### [WHAT TO WORK ON]
In the entries below, find the line with "货架取放货,特别是高层货架,对取放精度和" and the line with "S obzirom na", then retype both and everything between them exactly. Do not copy the pictures.

### [DATA]
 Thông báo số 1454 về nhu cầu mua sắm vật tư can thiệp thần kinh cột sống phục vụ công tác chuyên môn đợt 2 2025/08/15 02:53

==

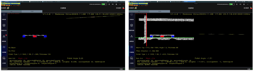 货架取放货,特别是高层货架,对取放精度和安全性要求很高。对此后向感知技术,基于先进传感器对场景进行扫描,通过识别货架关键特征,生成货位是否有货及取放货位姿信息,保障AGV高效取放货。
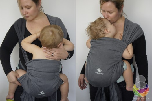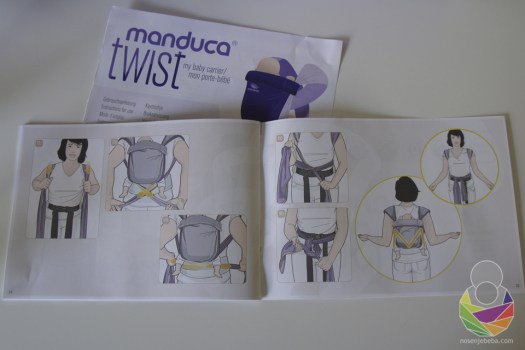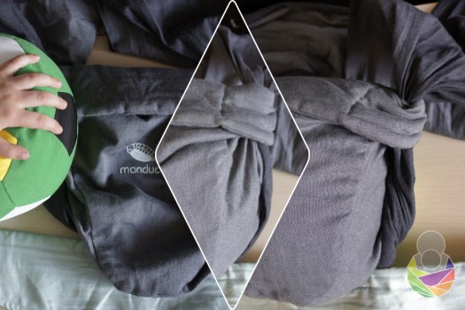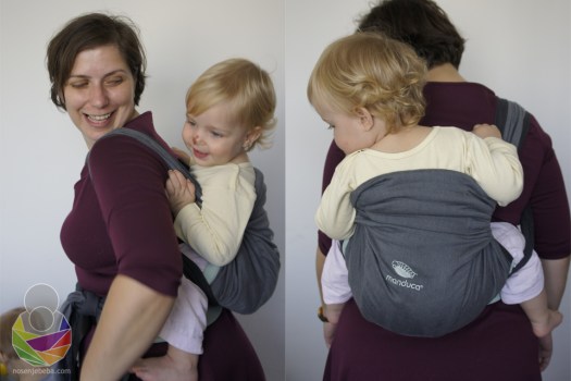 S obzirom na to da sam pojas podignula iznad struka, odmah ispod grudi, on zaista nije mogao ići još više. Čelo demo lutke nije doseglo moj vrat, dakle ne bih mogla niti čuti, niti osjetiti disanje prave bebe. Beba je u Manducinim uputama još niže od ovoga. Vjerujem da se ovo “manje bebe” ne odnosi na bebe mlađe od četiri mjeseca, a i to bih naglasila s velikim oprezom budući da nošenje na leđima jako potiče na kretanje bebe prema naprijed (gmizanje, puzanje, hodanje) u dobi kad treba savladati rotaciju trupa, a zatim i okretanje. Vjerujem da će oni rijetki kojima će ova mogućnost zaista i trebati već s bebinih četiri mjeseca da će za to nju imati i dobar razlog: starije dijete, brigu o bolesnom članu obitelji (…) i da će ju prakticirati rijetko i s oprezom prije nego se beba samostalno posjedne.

### [SOLUTION TO THIS EXERCISE]
 货架取放货,特别是高层货架,对取放精度和安全性要求很高。对此后向感知技术,基于先进传感器对场景进行扫描,通过识别货架关键特征,生成货位是否有货及取放货位姿信息,保障AGV高效取放货。
 S obzirom na to da sam pojas podignula iznad struka, odmah ispod grudi, on zaista nije mogao ići još više. Čelo demo lutke nije doseglo moj vrat, dakle ne bih mogla niti čuti, niti osjetiti disanje prave bebe. Beba je u Manducinim uputama još niže od ovoga. Vjerujem da se ovo “manje bebe” ne odnosi na bebe mlađe od četiri mjeseca, a i to bih naglasila s velikim oprezom budući da nošenje na leđima jako potiče na kretanje bebe prema naprijed (gmizanje, puzanje, hodanje) u dobi kad treba savladati rotaciju trupa, a zatim i okretanje. Vjerujem da će oni rijetki kojima će ova mogućnost zaista i trebati već s bebinih četiri mjeseca da će za to nju imati i dobar razlog: starije dijete, brigu o bolesnom članu obitelji (…) i da će ju prakticirati rijetko i s oprezom prije nego se beba samostalno posjedne.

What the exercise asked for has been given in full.